__Exercise__: Do not repeat pictures. Repeat exactly the lines of the listing below from its first line through the line with "Alumínium golyóstoll rózsaarany".
[Supplied data — start]
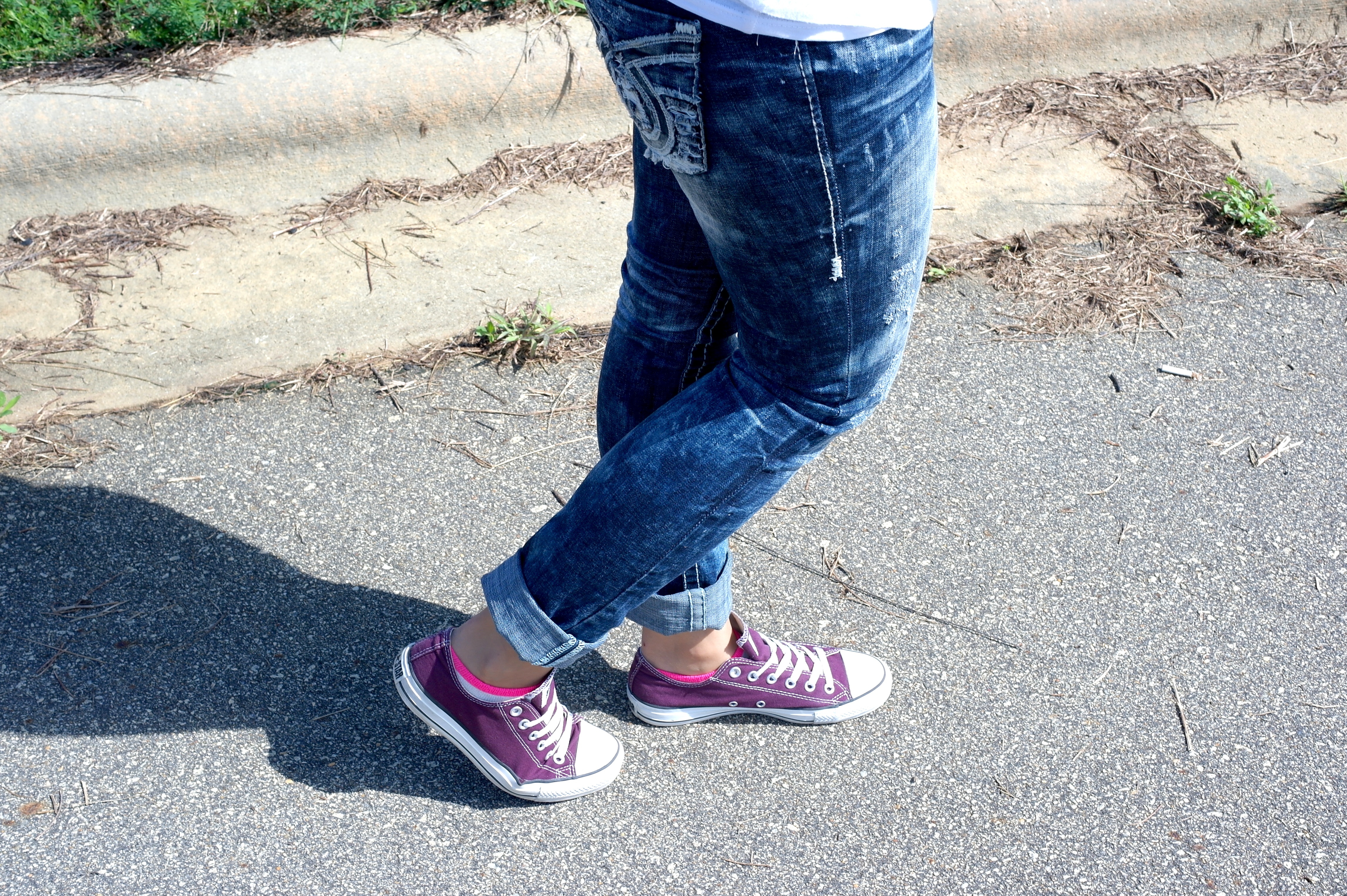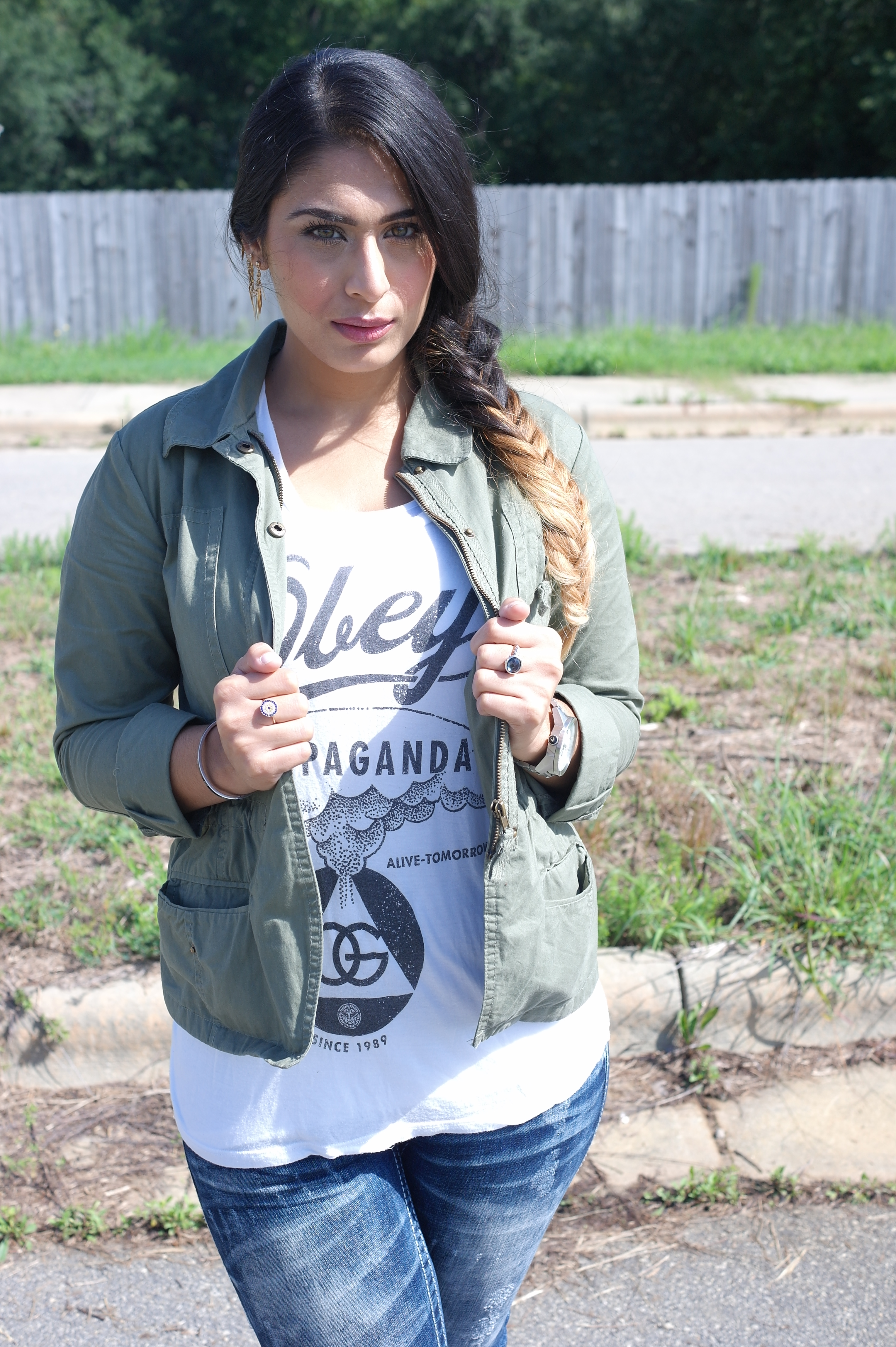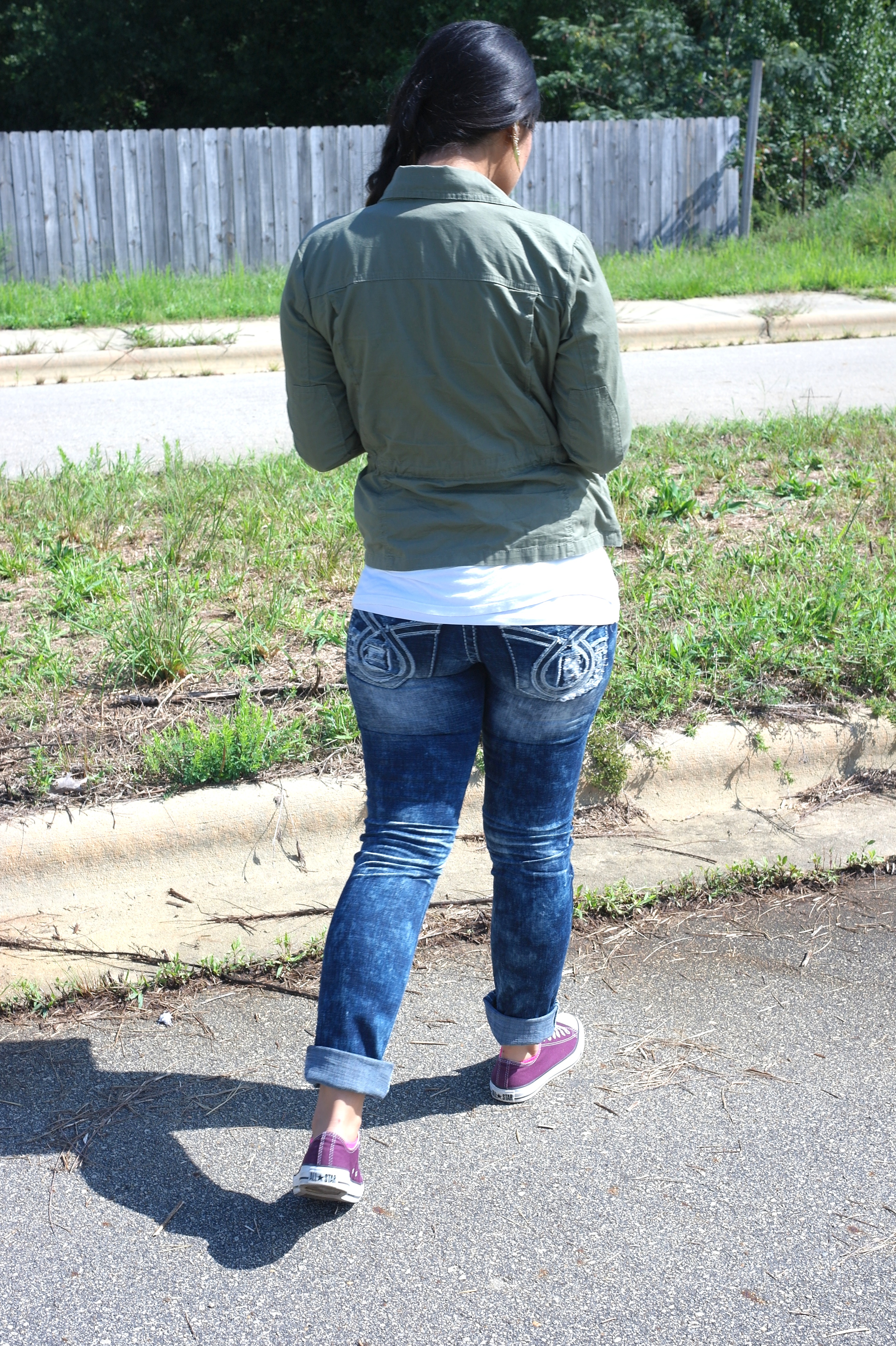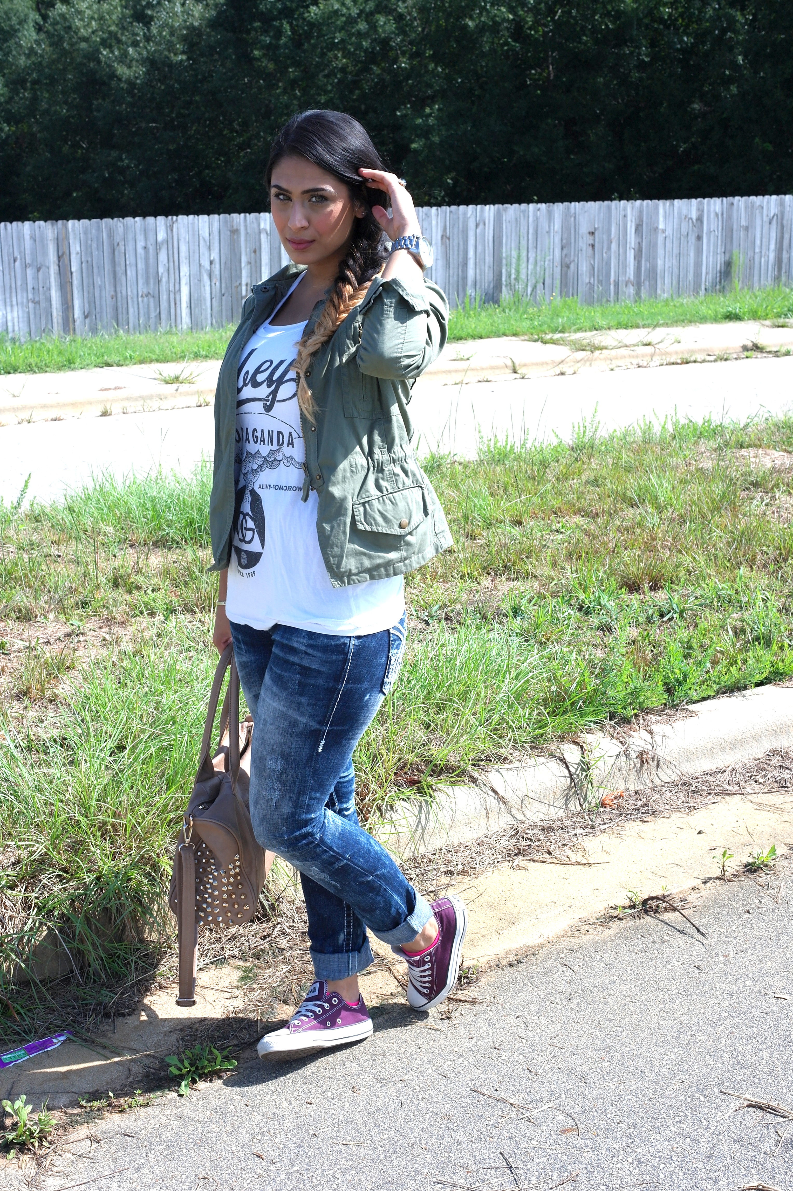 This post, I’m sticking to my roots, as much as I love dressing up, it isn’t my everyday look. I wore heels this past weekend and I NEVER wear heels, unless someone is getting married. I don’t know how girls function in heels, I’m definitely jealous at times but I just naturally gravitate to flats. I paired my straight acid wash jeans with a white t-shirt and threw a jacket over it, and kept it even more “Fatima” with my purple converses and a fishtail braid.
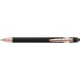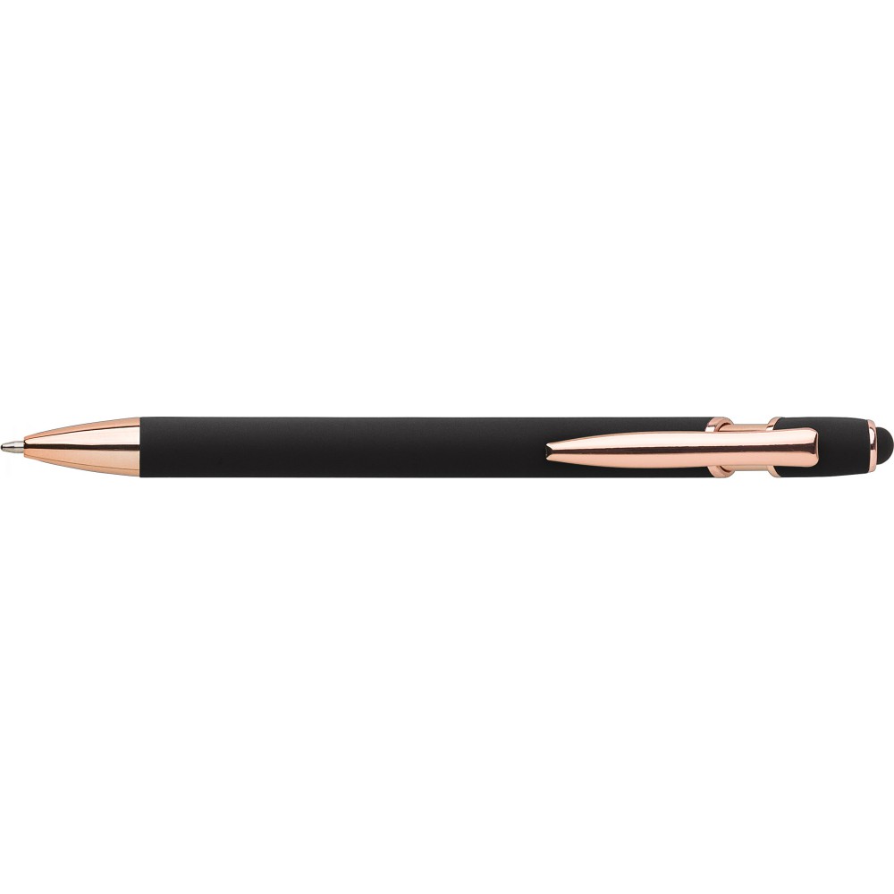 Alumínium golyóstoll rózsaarany részletekkel és érintővel, kék tollbetéttel.
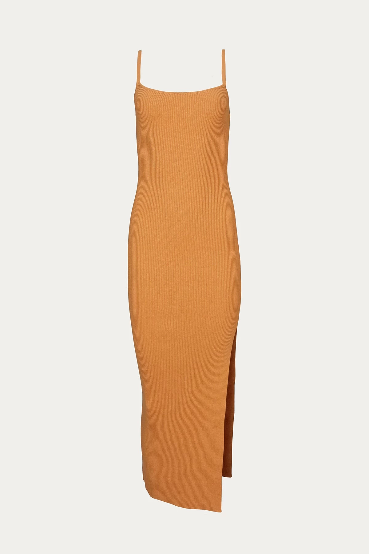 True to fitting form, Bec + Bridge’s ‘Margot’ midi dress is made from a ribbed-knit that will adhere to the body’s natural contours. It comes in a rustic orange hue and has thin straps and a high leg split. Team yours with sneakers or chunky sandals in the summer and pair it with a sweater and boots when temperatures drop.
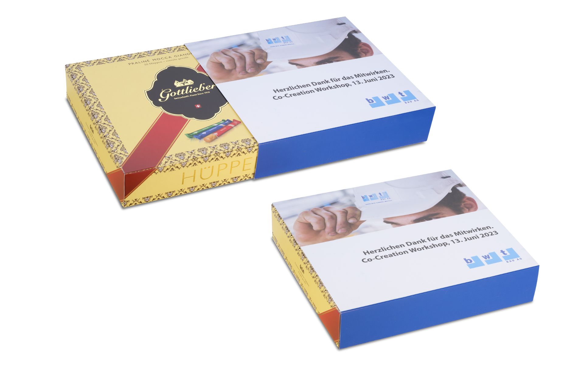 Die beliebten Stulpkartons können mit Hüppen in den folgenden Geschmacksrichtungen und Formaten kombiniert werden.
[Supplied data — finish]
__Answer to the exercise__:
 This post, I’m sticking to my roots, as much as I love dressing up, it isn’t my everyday look. I wore heels this past weekend and I NEVER wear heels, unless someone is getting married. I don’t know how girls function in heels, I’m definitely jealous at times but I just naturally gravitate to flats. I paired my straight acid wash jeans with a white t-shirt and threw a jacket over it, and kept it even more “Fatima” with my purple converses and a fishtail braid.
 Alumínium golyóstoll rózsaarany részletekkel és érintővel, kék tollbetéttel.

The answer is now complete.